Four Republican candidates running for office this November have proposed over the counter (OTC) oral contraceptives as an answer to GOP opposition to contraception coverage under the Affordable Care Act (ACA). Apparently Corey Gardner, CO, Ed Gillespie, VA, Thom Tillis, NC, and Mike McFadden ,MN, now have now seen the light and are invested in reducing “barriers” and having more “options for women for contraception.” In fact Gardner now says the pill should be available over the counter and “around the clock.”
Let’s put political maneuvering aside for a moment and just look at the issue of OTC contraception. Is that a bad idea?
Several countries have OTC access to contraceptives, so this isn’t a brand new idea (and many other countries have flirted with the idea). Levonorgestrel post coital contraception (Plan B) is already OTC so is making the regular pill similarly available an extension of that?

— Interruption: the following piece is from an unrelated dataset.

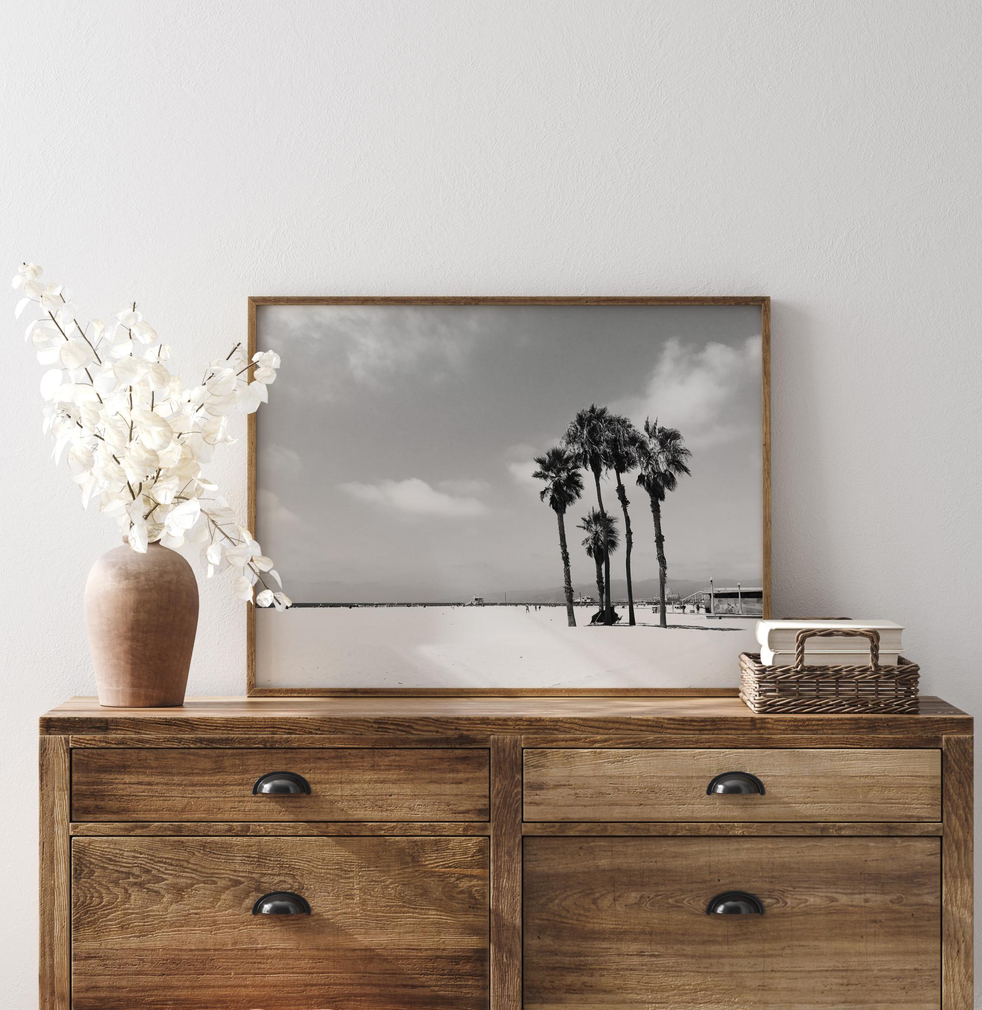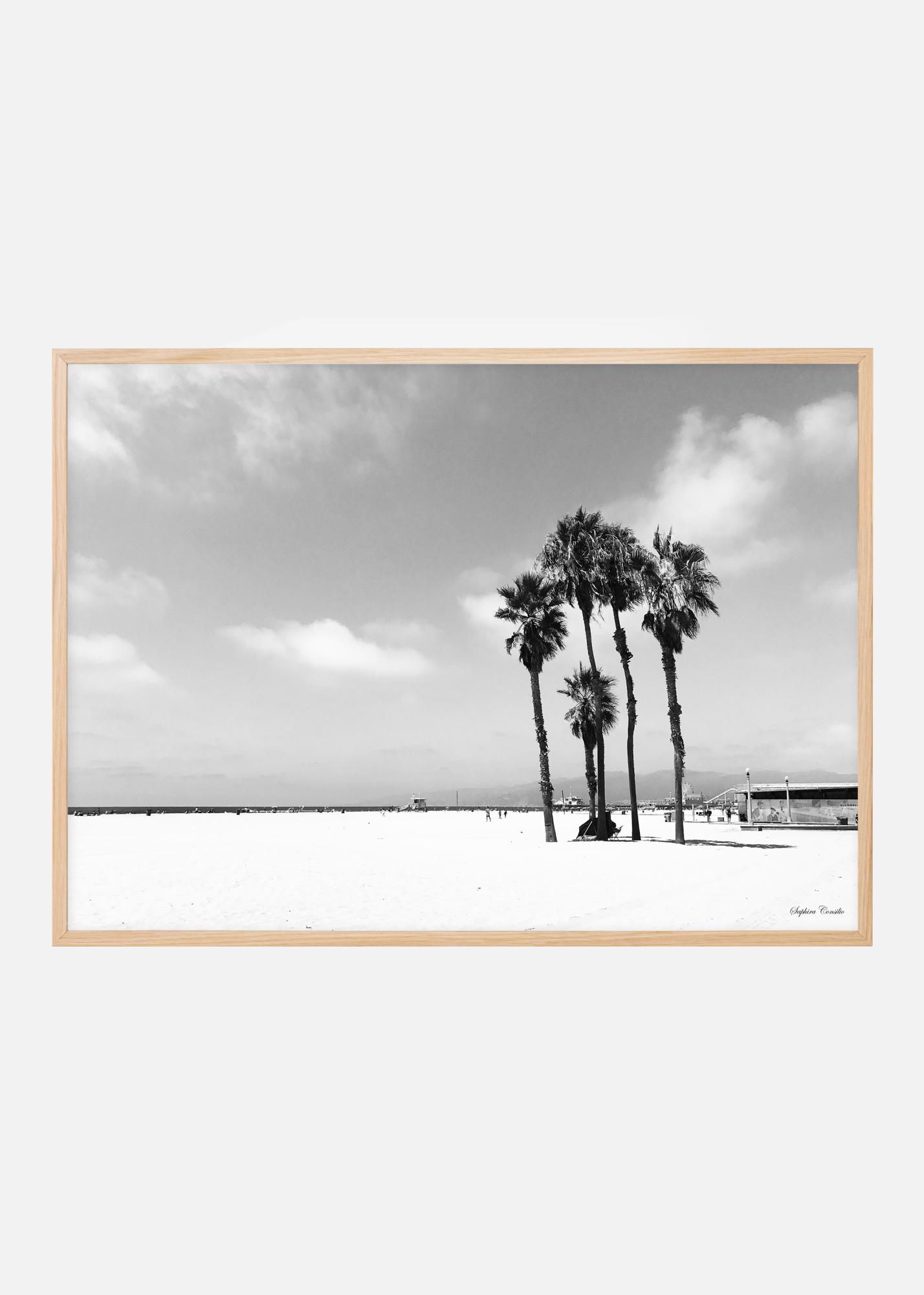 Ovdje nas fotografkinja Saphira Consilio vodi na bijelu plažu u Veneciji. Ovdje ljudi dijele mjesto s prekrasnim palmama, zabavnim parkovima i tornjevima za spašavanje spasilaca. Lijep crno-bijeli poster u vodoravnom formatu.

The American Congress of OB/GYN (ACOG) reviewed the studies in detail for a 2012 Committee Opinion on OTC contraceptive pills, which supports the idea and they reaffirmed their support in their most recent statement (September 9th):
ACOG supports making oral contraceptives available over-the-counter (OTC). OTC availability of oral contraceptives will help more women get the contraceptives they need, which have long been proven safe enough to use without a prescription – especially emergency contraception.

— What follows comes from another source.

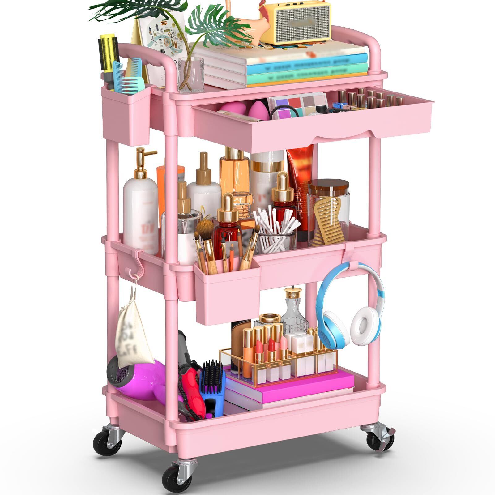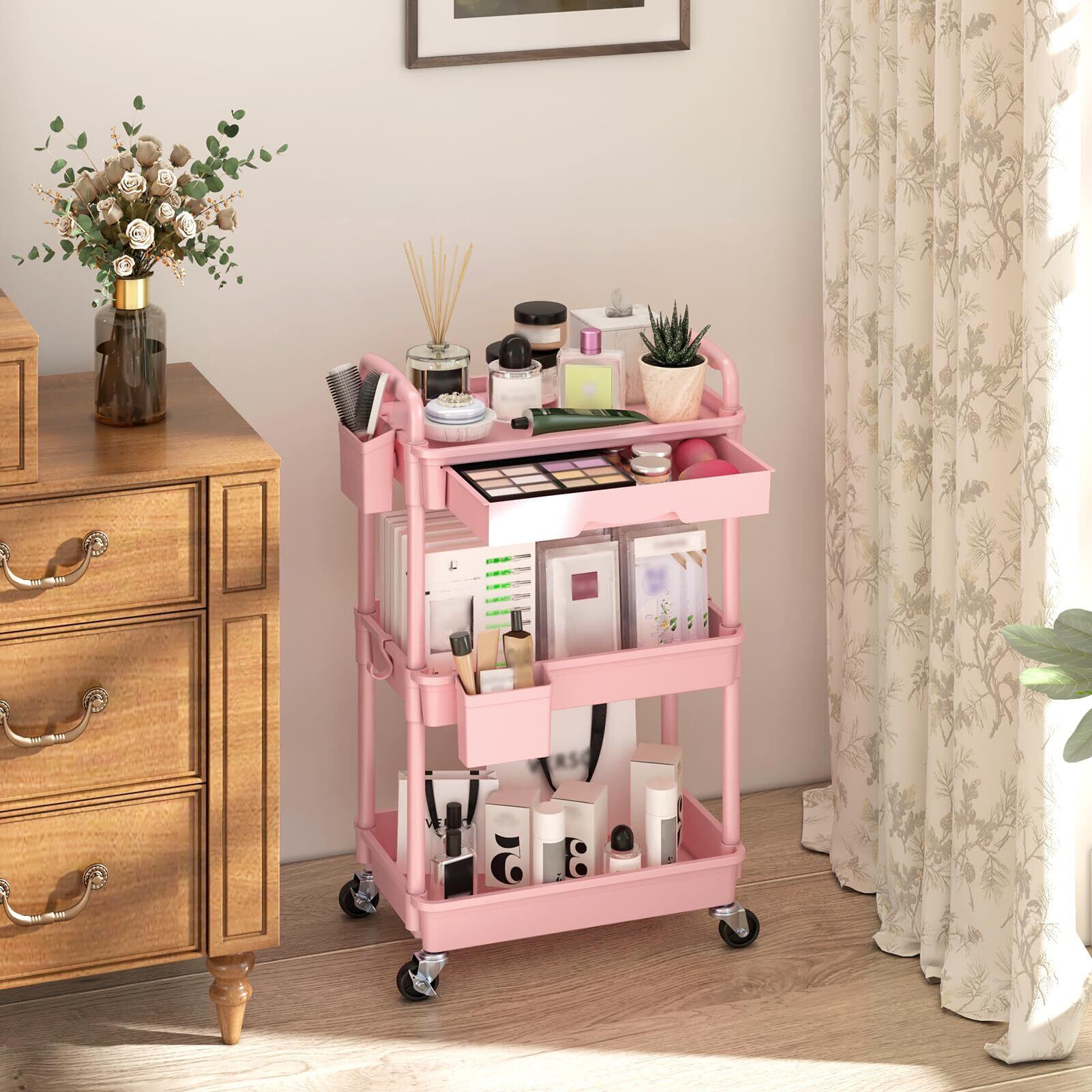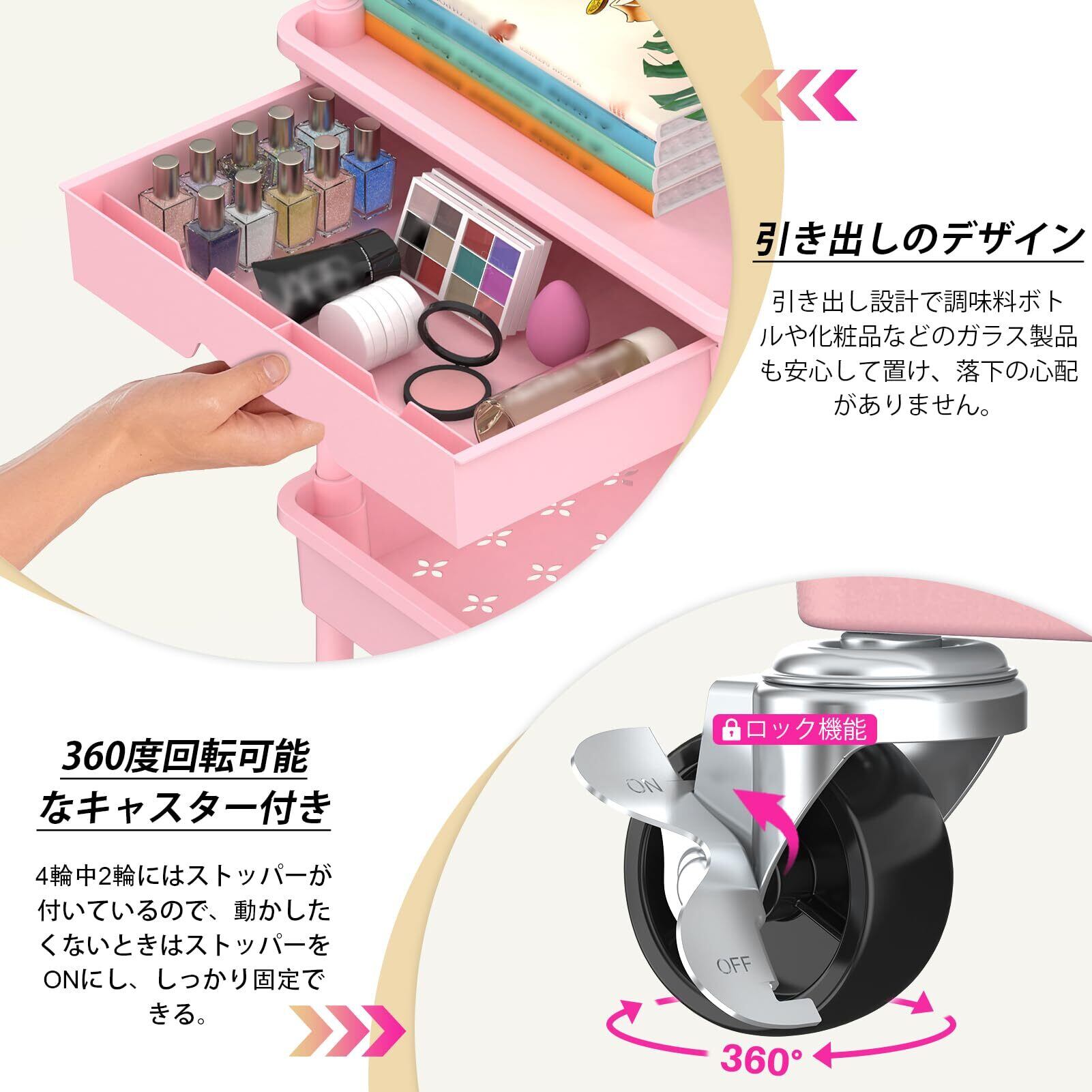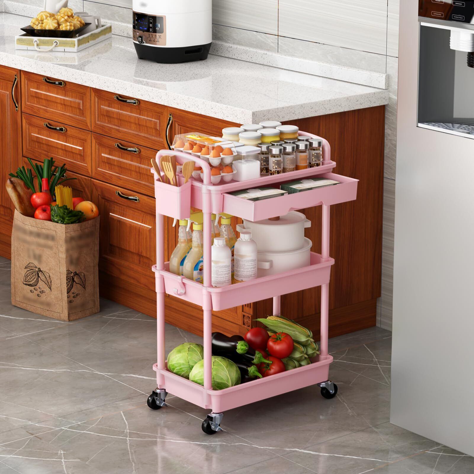 Goovilla キッチンワゴン ローリング 3段 引き出し付き ハンドル付き 収納カップ 仕切板付き 多機能 小物 隙間収納 バスケットラック バスルーム オフィス キッチン用 収納ワゴン 幅37.8×奥行26.9×高さ75.9cm ピンク

What about safety? While it is true that birth control pills with estrogen do increase the risk of blood clots this increased risk due to the pill is about 4 per 10,000 women. There are some medical contraindications to estrogen in the birth control pill, such as smoking over the age of 35 and migraines with aura, but people with kidney disease shouldn’t take ibuprofen and people with liver disease shouldn’t take acetaminophen.Many more people become sick (and many die) from acetaminophen related liver disease or poisoning than are affected by hormonal birth control. A blood pressure measurement and screening for contraindications would be optimal (and could easily be done by a pharmacist), but in reality contraceptives are much safer than many medications currently available over the counter. We also know that women take the pill about as accurately when they get it over the counter compared to prescription.

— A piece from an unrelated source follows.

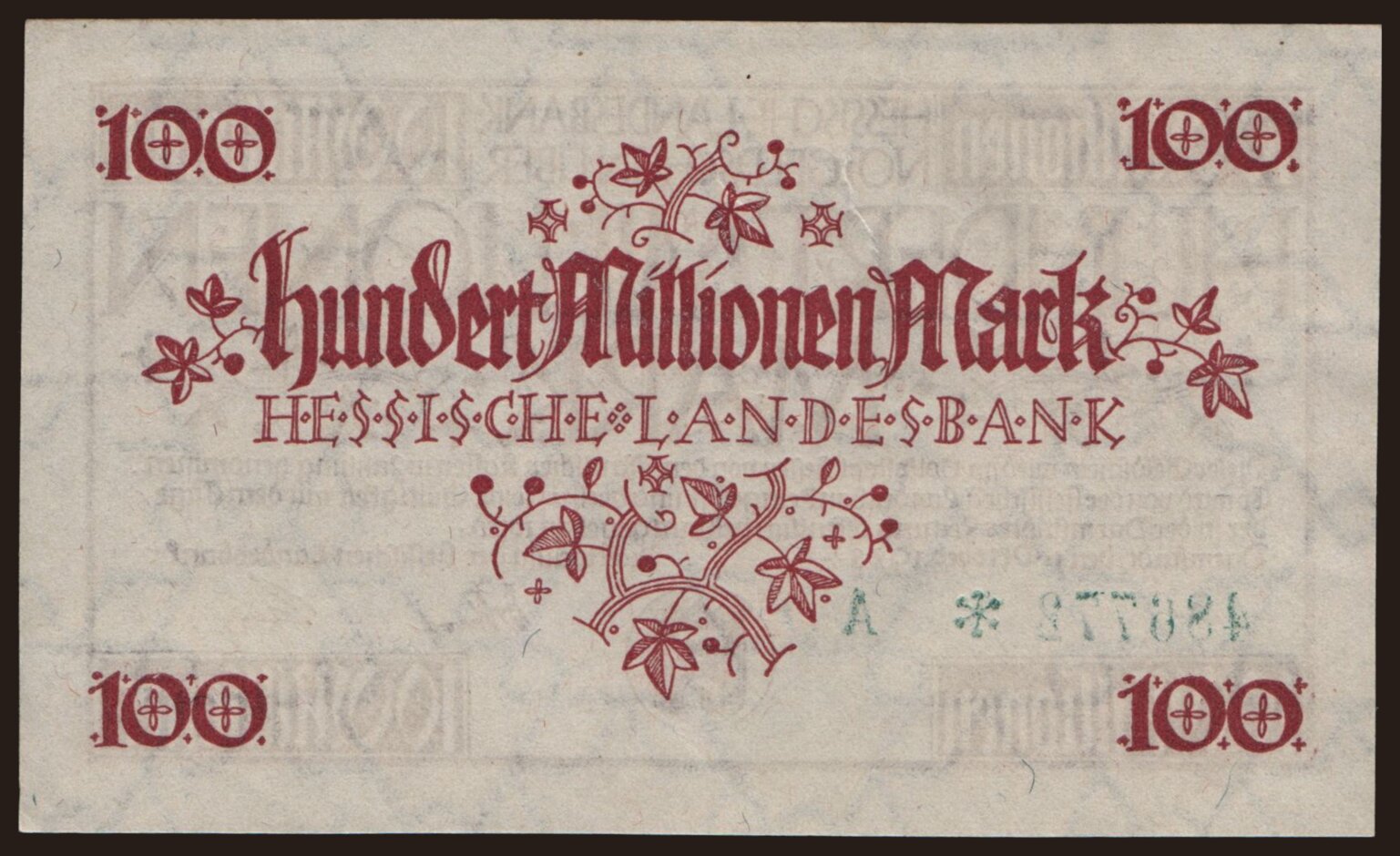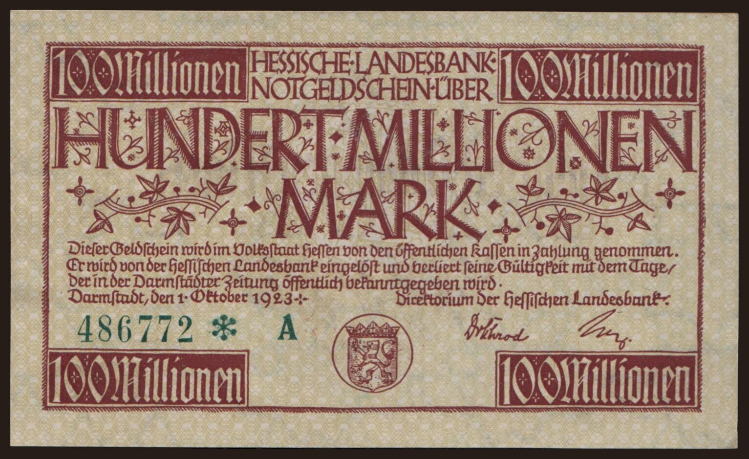 Darmstadt/ Hessische Landesbank, 100.000.000 Mark, 1923

So if OTC oral contraceptives are the same safety wise as many other OTC medications, a physical exam isn’t needed, and getting the pill from a doctor as opposed to picking it up over the counter doesn’t result in better or worse pill taking then why not embrace this new GOP message?
Cost is the first issue. It is true some generic pills are currently $9 a month, but they are free under the ACA and $9 is a lot for someone living below the poverty level. However, one important fact about pill prescribing that is alway missed my both politicians and the media is that doctors don’t prescribe one pill pack at a time because studies tell us receiving multiple packs at once improves compliance. If a woman can get three (or better yet seven) packs up front then she is more likely to stay on the pill. If pills went OTC all of a sudden it’s $27 or $49 to get pills in the most evidence based (and effective) manner. Many people don’t have the budget for that. Not having several packs up front leads to gaps in contraception coverage which leads to unplanned pregnancies.
How will OTC pills happen? Have the mechanics of this decision been carefully considered by the candidates? Would the pills be truly over the counter or would a pharmacist have to get them from behind the counter. Would the pharmacist ask screening questions? What if the pharmacist refused to do this? Would prices remain the same or would we see prices skyrocket to morning-after-pill prices ($39 for a generic in California!). You can’t say you are for OTC contraception and not have a plan. Reproductive’s health care isn’t some vague concept to be bandied about in debates.
But the real concern is the smoke and mirrors of OTC birth control pills deflecting attention away from the fact that contraception is health care as well as the side bar of the ACA and IUDs. Anyone who really wanted women to have “more options” and “contraception around the clock” would support universal coverage of all methods of birth control. They would want women to have free and easily available IUDs and Implanon (long-acting reversible contraceptives or LARC) because these methods have the lowest failure rates and have far greater continuation rates at a year compared to the birth control pill. Study after study shows if you want to reduce unplanned pregnancies (and hence abortion) you invest in IUDs. If you care about women’s health care you would care women have access to all methods of contraception, especially the most effective ones.
If you look at oral contraceptives in comparison to other OTC medications there is no reason for them to be prescription and women could clearly self-screen for most absolute contraindications using checklists, but making contraception over the counter is not an answer to religious opposition to the contraception mandate in the ACA. Politicians, some who have supported personhood measures, waving vague plans for over the counter birth control pills as a sign of support for greater contraceptive access is nothing more than a slight of hand to try to appeal to women voters while deflecting attention from the real issue, that contraception is health care and every method should be covered and freely available.